REQUIRED ACTION - Set down the data below exactly; pictures stay out.

SUPPLIED DATA -
########################################
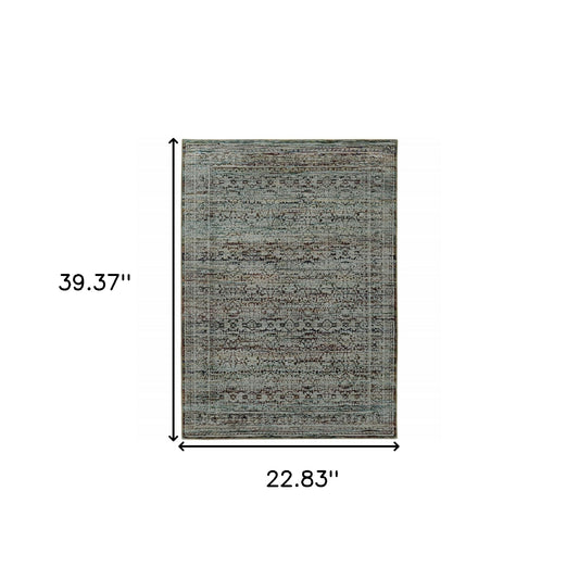 2' X 3' Blue Green Oriental Power Loom Area Rug
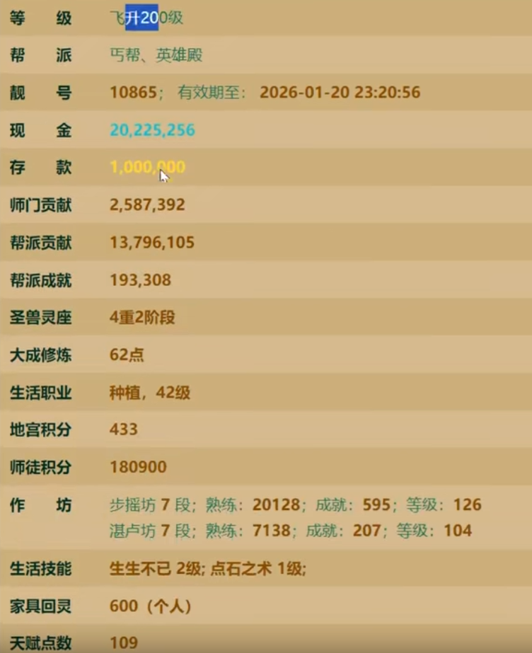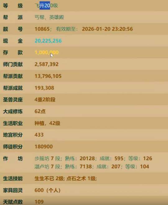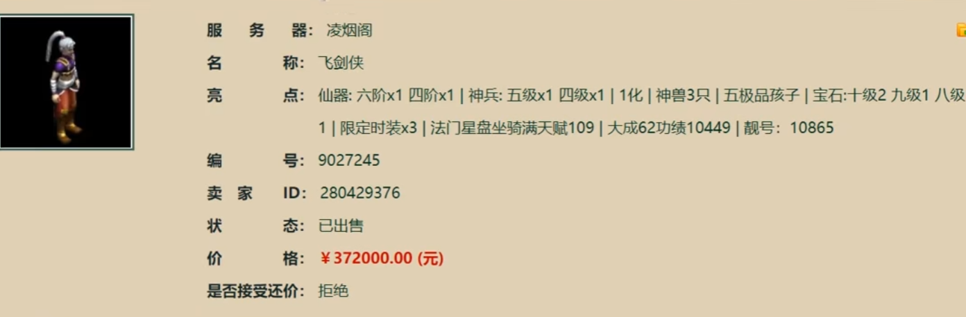 兄弟们在买号时,会关注职业和作坊这些细节吗#89今天这个大话西游2男人号,职业作坊都挺“垃圾”的,但最终却以37.2万的价格成交,看来最近的账号交易市场的确相当火爆啊,下面就来欣赏下这个号的各方面情况吧! |
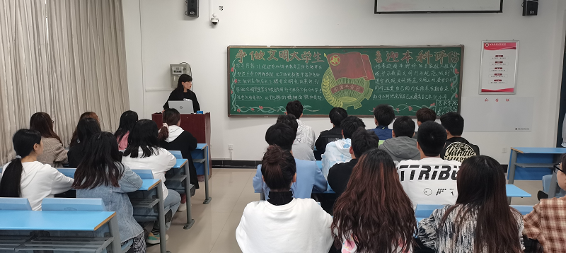 2021年4月22日下午,bat365正版唯一官网bat365正版唯一官网在龙子湖校区二号教学楼举行了以“争做文明大学生,喜迎本科评估”为主题的团课。本次班会由大一新生全体班级参加。
########################################
EXPECTED ANSWER -
 2' X 3' Blue Green Oriental Power Loom Area Rug
 兄弟们在买号时,会关注职业和作坊这些细节吗#89今天这个大话西游2男人号,职业作坊都挺“垃圾”的,但最终却以37.2万的价格成交,看来最近的账号交易市场的确相当火爆啊,下面就来欣赏下这个号的各方面情况吧! |
 2021年4月22日下午,bat365正版唯一官网bat365正版唯一官网在龙子湖校区二号教学楼举行了以“争做文明大学生,喜迎本科评估”为主题的团课。本次班会由大一新生全体班级参加。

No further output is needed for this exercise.